Whats happening is DirecTV is moving to MPEG4 for HD and the DirecTiVo HD models do not and can not support that. Their new HR20 DVR is the only DVR model that supports MPEG4.

By this time next year the HD DirecTiVos will only be good for SD and will not be able to receive any HD channels at all.


----------



## tstarn (Oct 1, 2006)

Bobman said:


> Whats happening is DirecTV is moving to MPEG4 for HD and the DirecTiVo HD models do not and can not support that. Their new HR20 DVR is the only DVR model that supports MPEG4.
> 
> By this time next year the HD DirecTiVos will only be good for SD and will not be able to receive any HD channels at all.

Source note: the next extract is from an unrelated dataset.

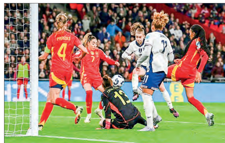
England's Jess Park scores against Spain in the Women's Nations League.

the Luis Rubiales case. Former Spanish football federation boss Rubiales was recently found guilty of sexual assault after kissing Spain star Jenni Hermoso on the lips without her consent during the World Cup medal ceremony. — AFP

How's that for an answer Stan?


----------



## Capmeister (Sep 16, 2003)

Bobman said:


> Whats happening is DirecTV is moving to MPEG4 for HD and the DirecTiVo HD models do not and can not support that. Their new HR20 DVR is the only DVR model that supports MPEG4.
> 
> By this time next year the HD DirecTiVos will only be good for SD and will not be able to receive any HD channels at all.


They'll still be fine for OTA HD.


----------



## RAD (Aug 5, 2002)

I agree with the original OP, also coming from a technical IT area that used company sites to find and track bugs and fixes. Use the DirecTV forum to list all the know bugs with their hardware products so that we can at least see that D* is actually aware of a problem and is working on it. If you call D* with a problem basically all you do is waste your going over the problem, rebooting the STB which 9 times out of 10 is not an actual fix if it does anything at all. Then at that point the CSR will usually say that the problem has never been reported (which usually isn't true if you look at the internet forums) and they'll pass it on. 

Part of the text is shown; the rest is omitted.